- _EXERCISE OBJECTIVE_
From the first line to the last, give the material again exactly, without the images.

- _EXERCISE MATERIALS_
====

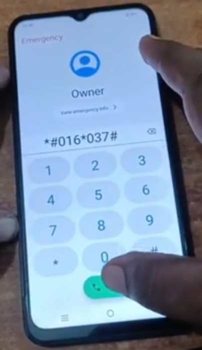 - Click on Emergency Call – Dial #016*037#.
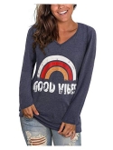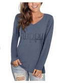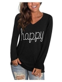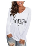 Design:happy letter print, rainbow print, long sleeve shirts, v neck, casual, stylish and classic look
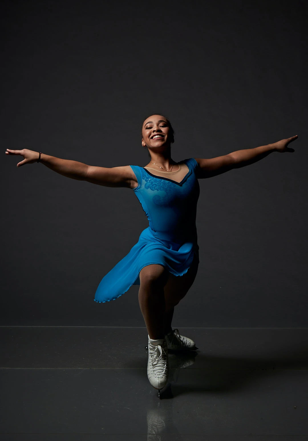 Classical teal dance dress with sublimated bodice and mesh with chiffon skirt.
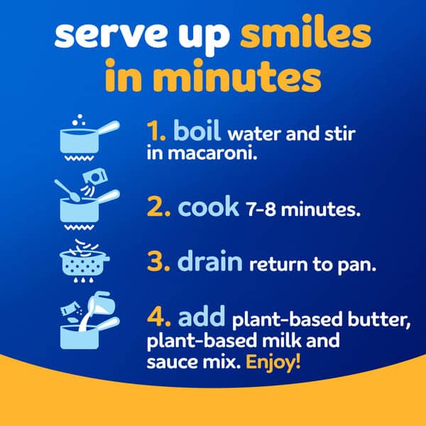 • To prepare, boil 6 cups of water, stir in macaroni, cook 7-8 minutes, drain the water, then add 4 tbsp plant-based butter, 1/4 cup unsweetened original plant-based milk and sauce mix; mix well
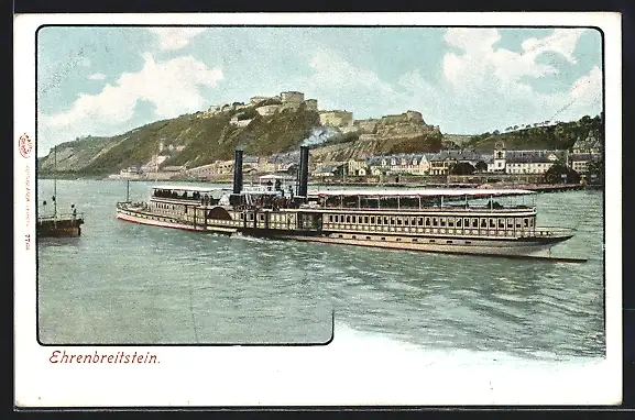 AK Koblenz, Festung Ehrenbreitstein, Dampfer auf dem Rhein
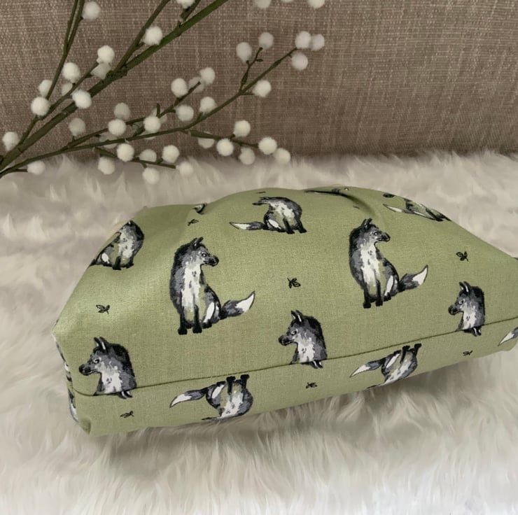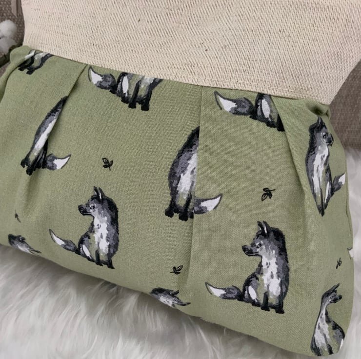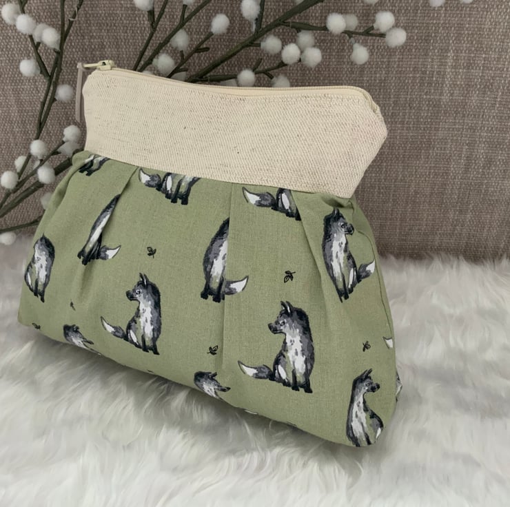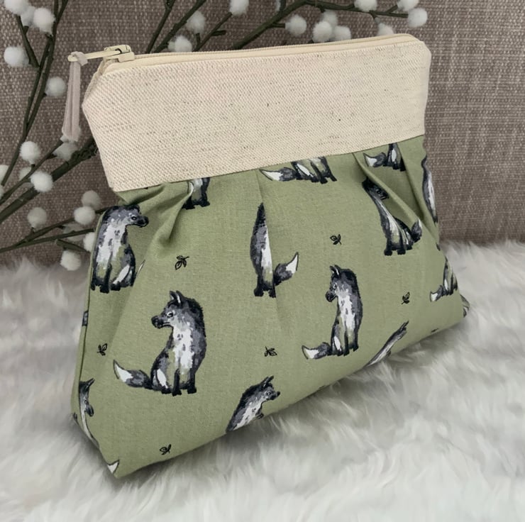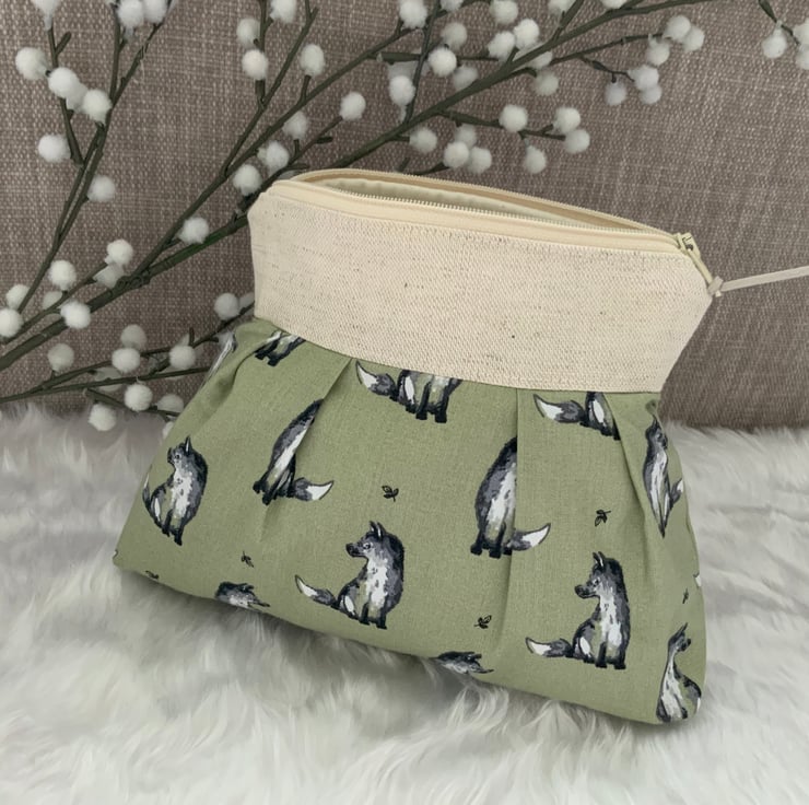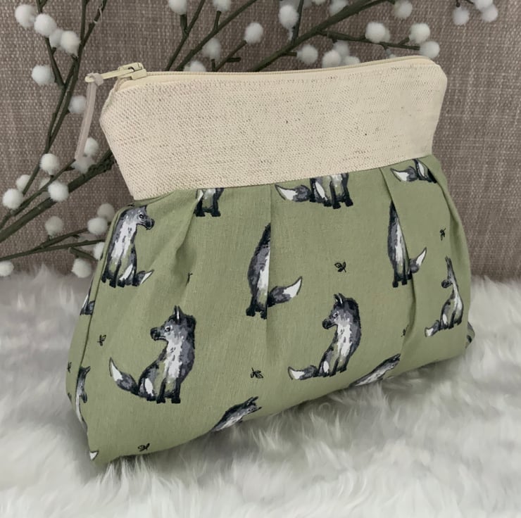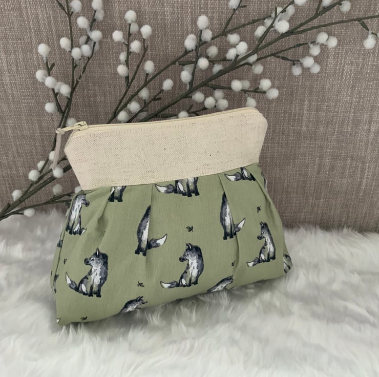 Beautiful pleated cosmetic make up bags, zipped purse. Natural linen band at top with pleated cotton fabric beneath and lined with cream cotton which is interlined to give it a little structure and soft to touch. Finished with faux suede cord on zip.
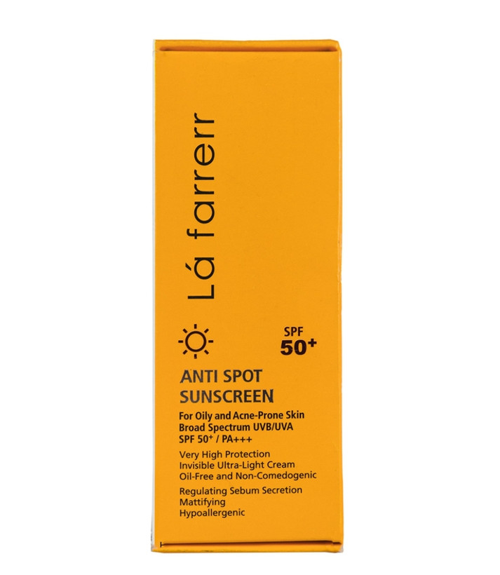ضدآفتاب بیرنگ لافارر پوست چرب طیف گسترده با SPF50، برای پوست های مستعد آکنه فرموله شده است و از پوست در برابر تمامی اشعههای مضر فرابنفش (UVA وUVB) محافظت میکند. ضدآفتاب بیرنگ لافارر پوست چرب با بافتی فوق سبک و بدون چربی از ایجاد لک در پوست های چرب جلوگیری میکند. ضدآفتاب بیرنگ لافارر پوست چرب همچنین با تنظیم ترشح سبوم (چربی پوست)، مانع از بروز کومدون (جوشهای سرسفید و سرسیاه) میشود. ضدآفتاب بیرنگ لافارر پوست چرب خاصیت ماتکنندگی و ضد حساسیت نیز دارد.
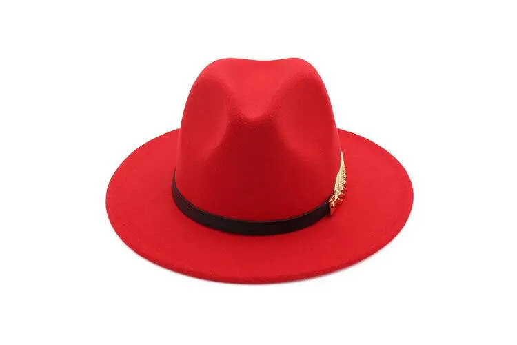 Featuring a classic silhouette with modern flair, the wool fedora hat includes striking metal leaf accents that add a unique and elegant touch.
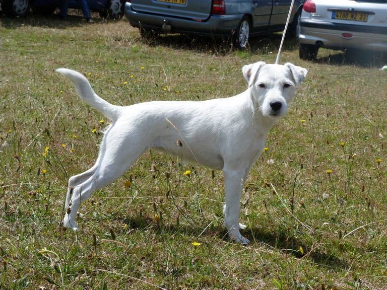 Taille 34 poitrine 42. Tb tête, belles proportions de Parson. Oreilles bien portées. Œil de bonne forme. Attache de fouet un peu basse. TB encolure et ligne de dessus. TB arrière main. épaule un peu étroite. Aplombs corrects. Se déplace bien.
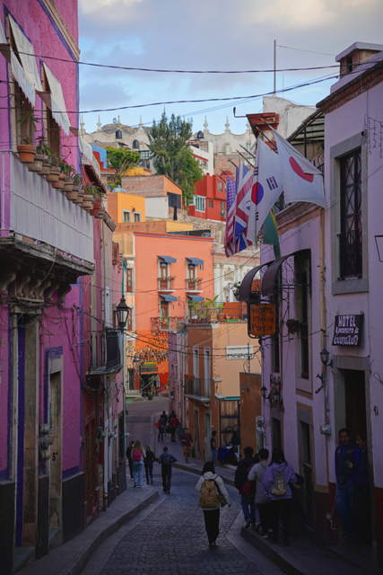 收集了這兩間,鄰近似乎沒其他較具規模的教堂,就拐去了「接吻巷」。一如預想,巷內跟昨天的人山人海大相逕庭,得以讓我捕捉清爽的畫面。其他三個女生剛好也在此,請她們幫拍後,便一起往「瓜納華托聖母聖殿」方向走。

====

- _RESULT OF THIS EXERCISE_
 - Click on Emergency Call – Dial #016*037#.
 Design:happy letter print, rainbow print, long sleeve shirts, v neck, casual, stylish and classic look
 Classical teal dance dress with sublimated bodice and mesh with chiffon skirt.
 • To prepare, boil 6 cups of water, stir in macaroni, cook 7-8 minutes, drain the water, then add 4 tbsp plant-based butter, 1/4 cup unsweetened original plant-based milk and sauce mix; mix well
 AK Koblenz, Festung Ehrenbreitstein, Dampfer auf dem Rhein
 Beautiful pleated cosmetic make up bags, zipped purse. Natural linen band at top with pleated cotton fabric beneath and lined with cream cotton which is interlined to give it a little structure and soft to touch. Finished with faux suede cord on zip.
ضدآفتاب بیرنگ لافارر پوست چرب طیف گسترده با SPF50، برای پوست های مستعد آکنه فرموله شده است و از پوست در برابر تمامی اشعههای مضر فرابنفش (UVA وUVB) محافظت میکند. ضدآفتاب بیرنگ لافارر پوست چرب با بافتی فوق سبک و بدون چربی از ایجاد لک در پوست های چرب جلوگیری میکند. ضدآفتاب بیرنگ لافارر پوست چرب همچنین با تنظیم ترشح سبوم (چربی پوست)، مانع از بروز کومدون (جوشهای سرسفید و سرسیاه) میشود. ضدآفتاب بیرنگ لافارر پوست چرب خاصیت ماتکنندگی و ضد حساسیت نیز دارد.
 Featuring a classic silhouette with modern flair, the wool fedora hat includes striking metal leaf accents that add a unique and elegant touch.
 Taille 34 poitrine 42. Tb tête, belles proportions de Parson. Oreilles bien portées. Œil de bonne forme. Attache de fouet un peu basse. TB encolure et ligne de dessus. TB arrière main. épaule un peu étroite. Aplombs corrects. Se déplace bien.
 收集了這兩間,鄰近似乎沒其他較具規模的教堂,就拐去了「接吻巷」。一如預想,巷內跟昨天的人山人海大相逕庭,得以讓我捕捉清爽的畫面。其他三個女生剛好也在此,請她們幫拍後,便一起往「瓜納華托聖母聖殿」方向走。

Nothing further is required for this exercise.